= Task brief =
From the material below, reproduce exactly the stretch of lines that begins with the line holding "Y2k Outfit: Ribbed" and ends with the line holding "オータムスタンダードブラウス スリム薄手フローラルシフォンシャツ レディース", skipping the pictures.

= Data supplied =

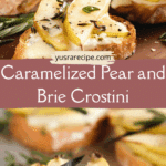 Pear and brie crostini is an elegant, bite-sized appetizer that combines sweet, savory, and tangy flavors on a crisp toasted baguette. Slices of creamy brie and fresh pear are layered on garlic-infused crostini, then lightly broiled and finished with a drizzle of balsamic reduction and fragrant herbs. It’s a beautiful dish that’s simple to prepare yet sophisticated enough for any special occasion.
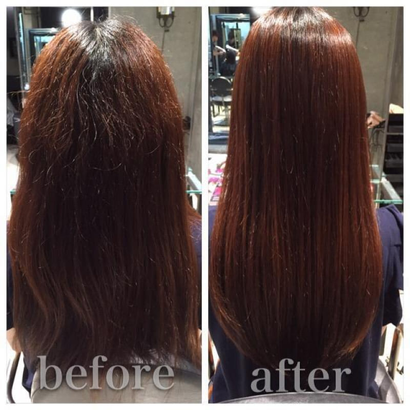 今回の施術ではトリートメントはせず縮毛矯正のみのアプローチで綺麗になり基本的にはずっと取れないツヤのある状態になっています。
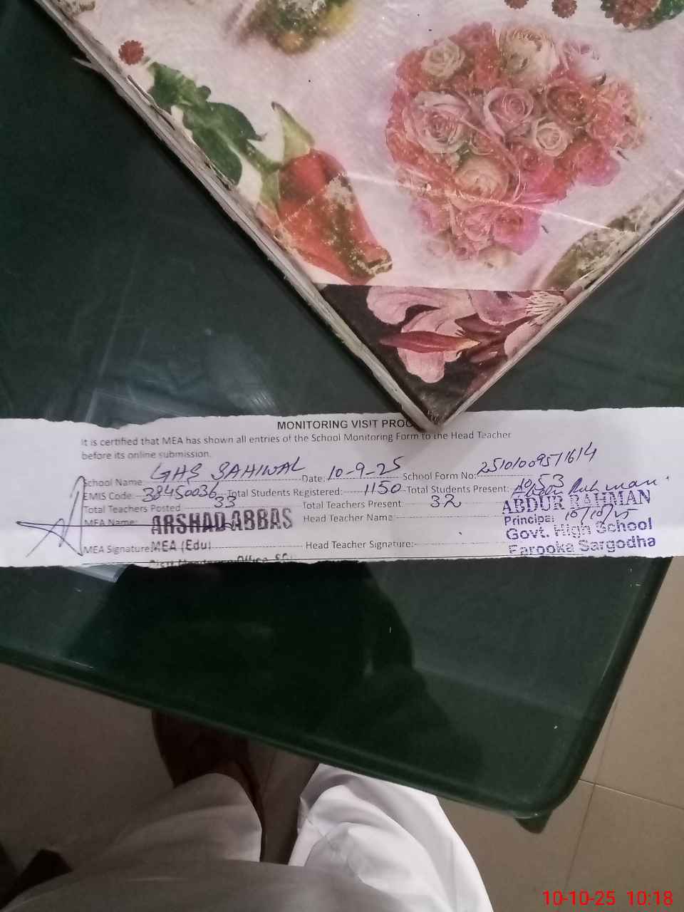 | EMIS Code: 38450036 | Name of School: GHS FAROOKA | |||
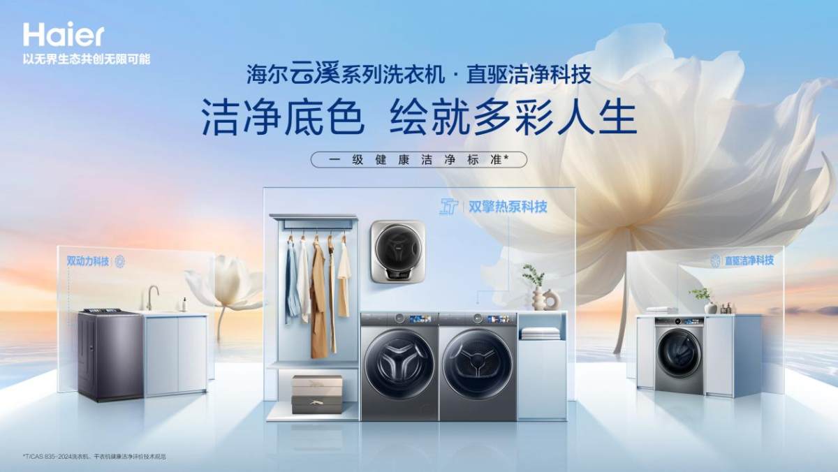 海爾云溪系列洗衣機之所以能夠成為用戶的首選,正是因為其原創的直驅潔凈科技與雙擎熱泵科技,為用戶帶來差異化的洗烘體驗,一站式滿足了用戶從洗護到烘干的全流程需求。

* * *

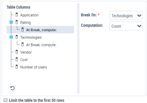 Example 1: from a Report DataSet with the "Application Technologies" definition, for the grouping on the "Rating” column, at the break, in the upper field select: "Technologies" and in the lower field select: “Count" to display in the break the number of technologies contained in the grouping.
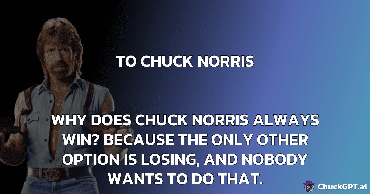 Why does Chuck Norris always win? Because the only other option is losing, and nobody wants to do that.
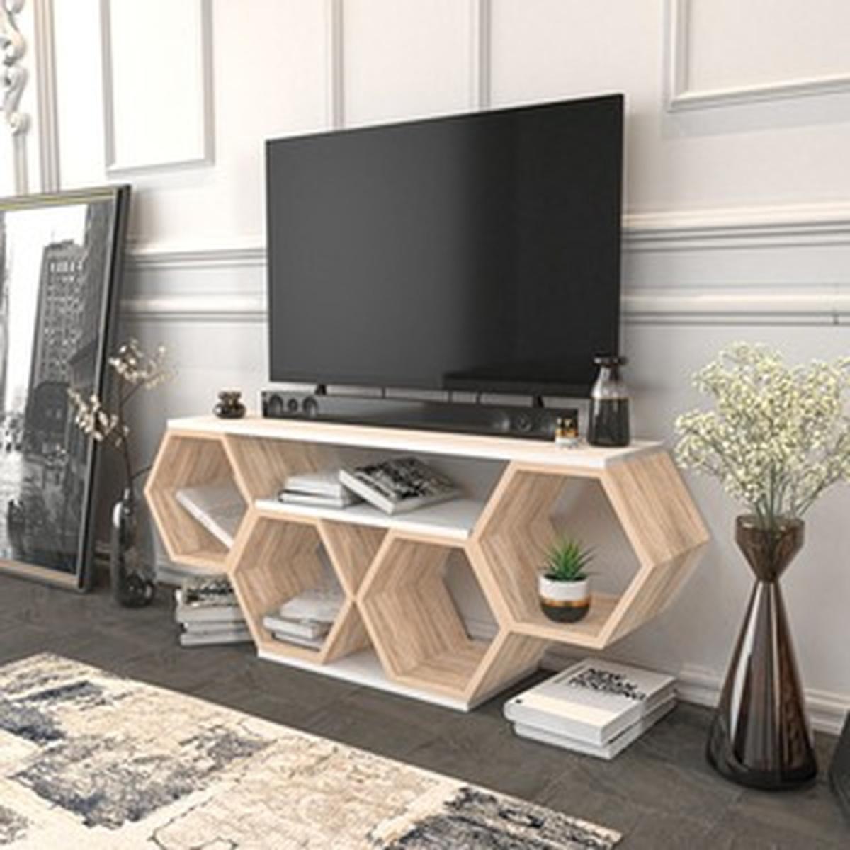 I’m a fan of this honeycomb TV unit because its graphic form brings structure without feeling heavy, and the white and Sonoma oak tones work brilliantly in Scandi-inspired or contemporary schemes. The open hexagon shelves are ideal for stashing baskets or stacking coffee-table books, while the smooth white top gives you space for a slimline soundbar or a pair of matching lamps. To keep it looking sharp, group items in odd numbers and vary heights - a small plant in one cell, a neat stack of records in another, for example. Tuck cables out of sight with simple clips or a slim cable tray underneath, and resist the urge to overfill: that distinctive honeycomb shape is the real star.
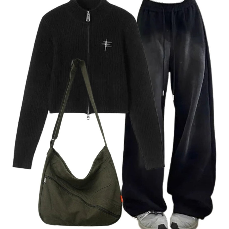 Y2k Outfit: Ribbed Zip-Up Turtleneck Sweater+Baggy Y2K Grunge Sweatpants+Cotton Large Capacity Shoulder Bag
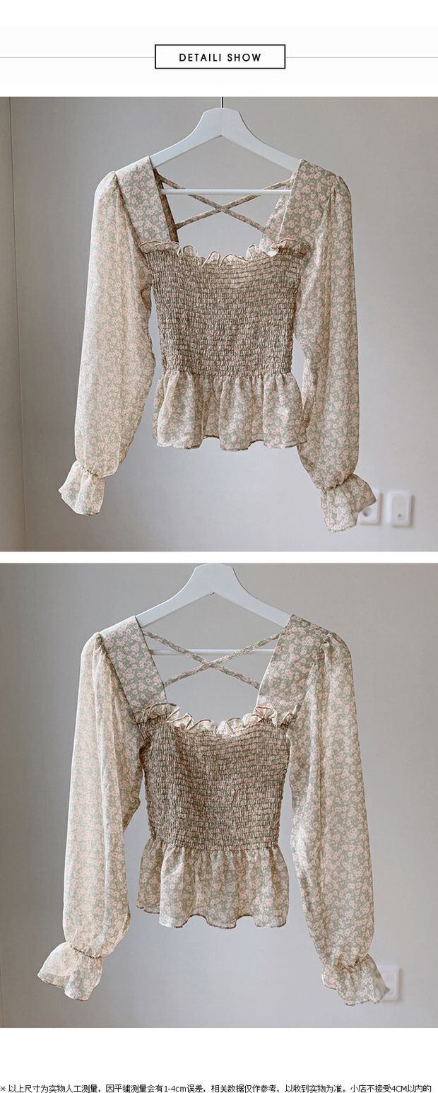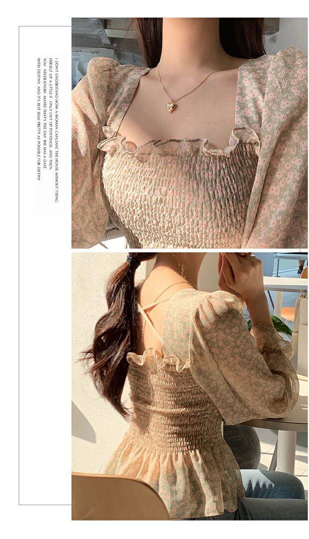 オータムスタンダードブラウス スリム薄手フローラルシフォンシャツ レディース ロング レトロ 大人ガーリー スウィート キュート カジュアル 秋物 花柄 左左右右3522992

...

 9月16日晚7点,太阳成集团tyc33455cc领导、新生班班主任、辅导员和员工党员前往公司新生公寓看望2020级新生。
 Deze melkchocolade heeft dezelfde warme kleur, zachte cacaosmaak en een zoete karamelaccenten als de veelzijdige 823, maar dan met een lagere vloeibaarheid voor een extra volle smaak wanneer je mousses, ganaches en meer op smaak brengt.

= Answer box =
 Y2k Outfit: Ribbed Zip-Up Turtleneck Sweater+Baggy Y2K Grunge Sweatpants+Cotton Large Capacity Shoulder Bag
 オータムスタンダードブラウス スリム薄手フローラルシフォンシャツ レディース ロング レトロ 大人ガーリー スウィート キュート カジュアル 秋物 花柄 左左右右3522992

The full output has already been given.